T.V.R. Tatachari, J.

(1) The facts which have given rise to this Revision on reference by Shri B.D. Sharma, Sessions Judge, Mahasu District, have been set out fully in the reference order.

(2) The petitioners, Smt. Mangli and Smt. Nurpu, are the daughters of one Zalmu, resident of village Dashlani, Tehsil Rohru, District Mahasu. They have been living with their mother at Dashlani. On 20-9-1967, one Kalma Singh of the said village filed a complaint in the court of the Magistrate 1st Class, Rohru, alleging that the petitioners are of immoral character and indulge in prostitution. The Magistrate served a notice, which bore no date, upon the petitioners under section 20(1) of the Suppression of Immoral Traffic in Woman and Gills Act, 1956, on 21-9-1967, stating that information was laid before the Magistrate that they are prostitutes, and that they should therefore appear before him at 3 p.m. on the same date and show cause why they should not be required to remove themselves from “this place” (apparently meaning Deshlani) and be prohibited from re-entering the same in future. The petitioners appeared accordingly, and denied that they were prostitutes. They were ordered by the Magistrate to execute personal bonds of Rs. 200.00 each and furnish sureties for like amounts, and they complied with the order. Thereafter, they filed their written statement, and the Magistrate conducted an enquiry. The complainant examined ten witnesses in support of his complaint, and the petitioners examined three witnesses in rebuttal of the allegations in the complaint.
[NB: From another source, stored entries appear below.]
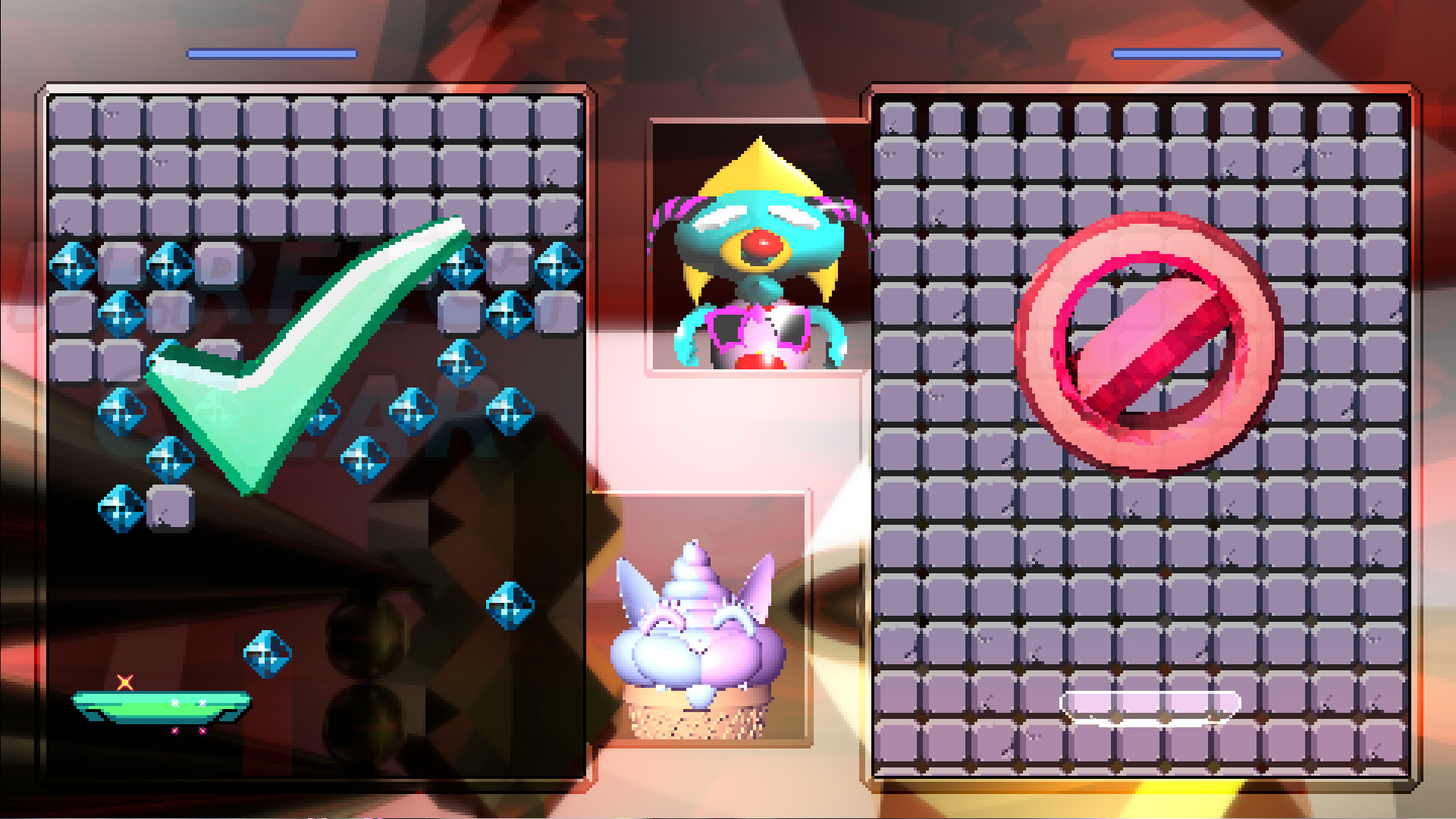 Two characters face head-to-head using their paddle and ball to shatter colour-matching gems and cascade rocks down on their opponent. Collect items and level up in Treasure Mode. Play through a visual novel-esque Story Mode. Or battle with a friend in 2P Mode!
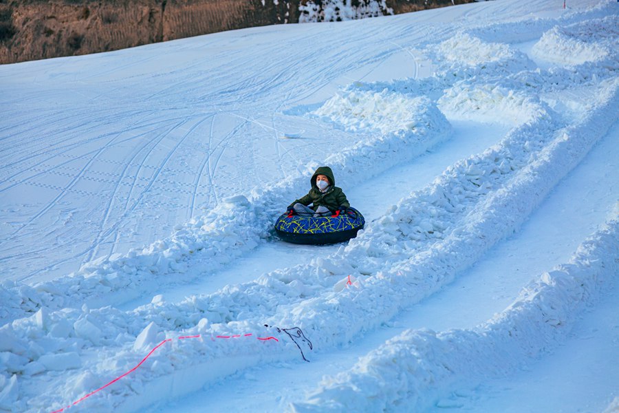 A tourist enjoys ice-snow entertainment activities in Qiyun town, Yuzhong county, Lanzhou, northwest China’s Gansu Province. (Photo courtesy of the publicity department of the CPC Yuzhong County Committee)
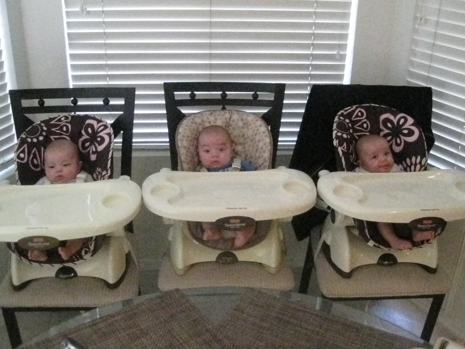 All the babies are smiling and cooing and kicking. They love looking at themselves in the mirror! They are doing so well! They sit up and watch cartoons or us and they have started to really notice the dogs and each other! AND, I cannot forget to mention that last night all three slept through the night for the first time! We have been putting them to bed around 8pm and they will sleep about 6 hours until about 2am, we feed them and they sleep again until about 6 or 7 am. But last night, they slept through that 2am feeding, so hooray! Lets hope this continues. Its actually been pretty weird since we have been putting them to bed at 8pm. Tommy and I actually have a couple hours at the end of the day to wind down and do our own thing instead of rushing off to bed as soon as they go down. I feel like my little angels are really turning a corner.
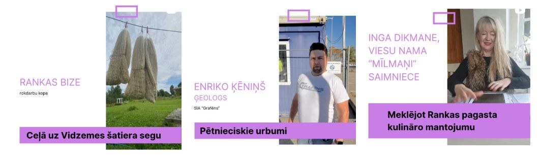 Kā paraugus un iedvesmai iespējams skatīt Asnates Rancānes un pētnieka Jāņa Šiliņa video ierakstus.

On a consideration of the evidence, the learned Magistrate, by his order, dated 6-11-1967, held that the evidence established that The petitioners are prostitutes, and ordered that they should remove themselves on or before 15-14-1967 “from the locality comprising Patwar Circles Rohru, Gangtoli, Batholi and Kaloti”, and that they are prohibited from re-entering the same without his written permission.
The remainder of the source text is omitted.